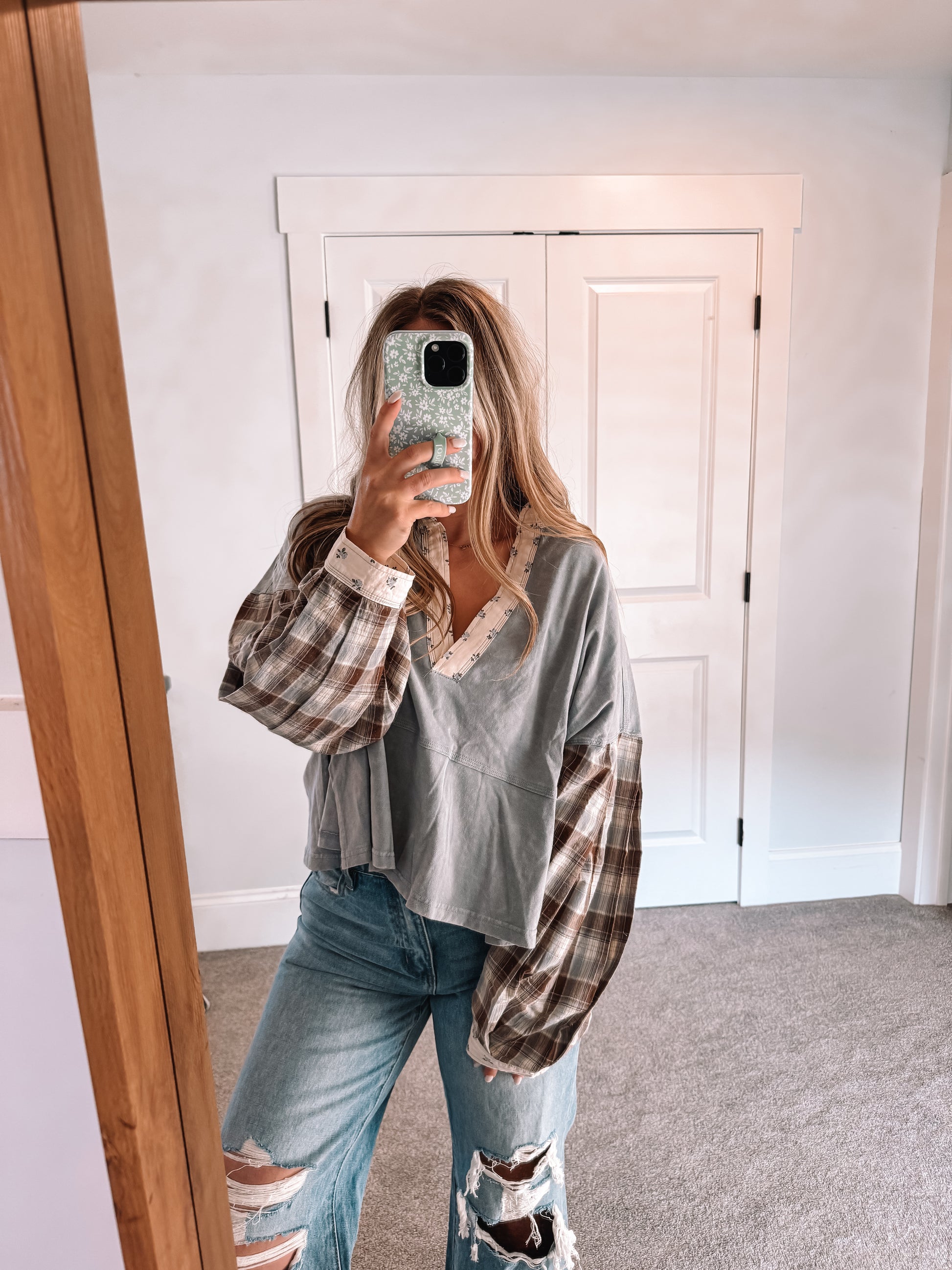 this mixed media top features a mineral washed knit material with plaid balloon sleeves and floral detail along the neckline and cuffs. Wearing a size small for reference.
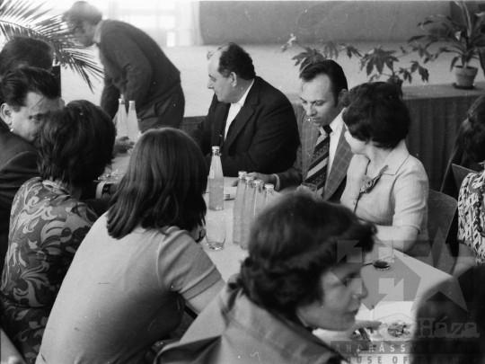 AZONOSÍTÓ: THM-BJ-00716 A rendezvény résztvevői. [A szocialista brigádmozgalom szovjet mintára az 1950-es évek végén kezdett kibontakozni Magyarországon, és rendszerváltoztatáskor szűnt meg. Kezdetben csak az ipari üzemekben és gyárakban alakultak meg a brigádok, majd az agráriumban és a hivatali szférában is létrejöttek. A mozgalom jelszava: „Szocialista módon dolgozni, tanulni és élni” volt.] HELYSZÍN: Szekszárd, Tolna megye DÁTUM: 1977 FOTÓS: Bakó Jenő
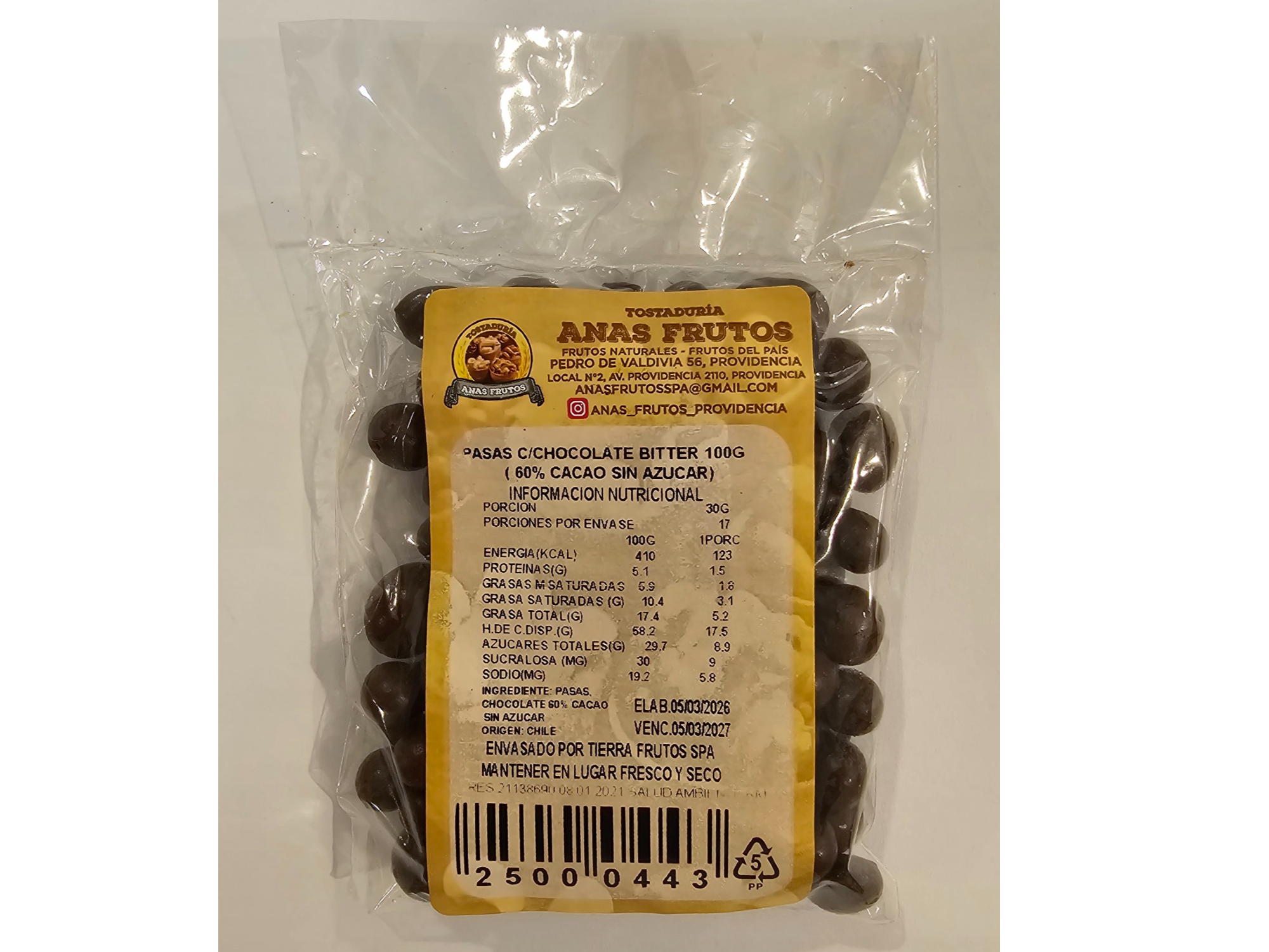 PASAS CON CHOCOLATE BITTER 100G Compartir por WhatsApp Copiar enlace 60% CACAO SIN AZUCAR$2.090 Observaciones 0 / 150

**What you need to do**:
Find the line with "AZONOSÍTÓ: THM-BJ-00716 A" in the listing above, then write it out along with every later line through the last one, exactly, omitting pictures.

**Problem solution**:
 AZONOSÍTÓ: THM-BJ-00716 A rendezvény résztvevői. [A szocialista brigádmozgalom szovjet mintára az 1950-es évek végén kezdett kibontakozni Magyarországon, és rendszerváltoztatáskor szűnt meg. Kezdetben csak az ipari üzemekben és gyárakban alakultak meg a brigádok, majd az agráriumban és a hivatali szférában is létrejöttek. A mozgalom jelszava: „Szocialista módon dolgozni, tanulni és élni” volt.] HELYSZÍN: Szekszárd, Tolna megye DÁTUM: 1977 FOTÓS: Bakó Jenő
 PASAS CON CHOCOLATE BITTER 100G Compartir por WhatsApp Copiar enlace 60% CACAO SIN AZUCAR$2.090 Observaciones 0 / 150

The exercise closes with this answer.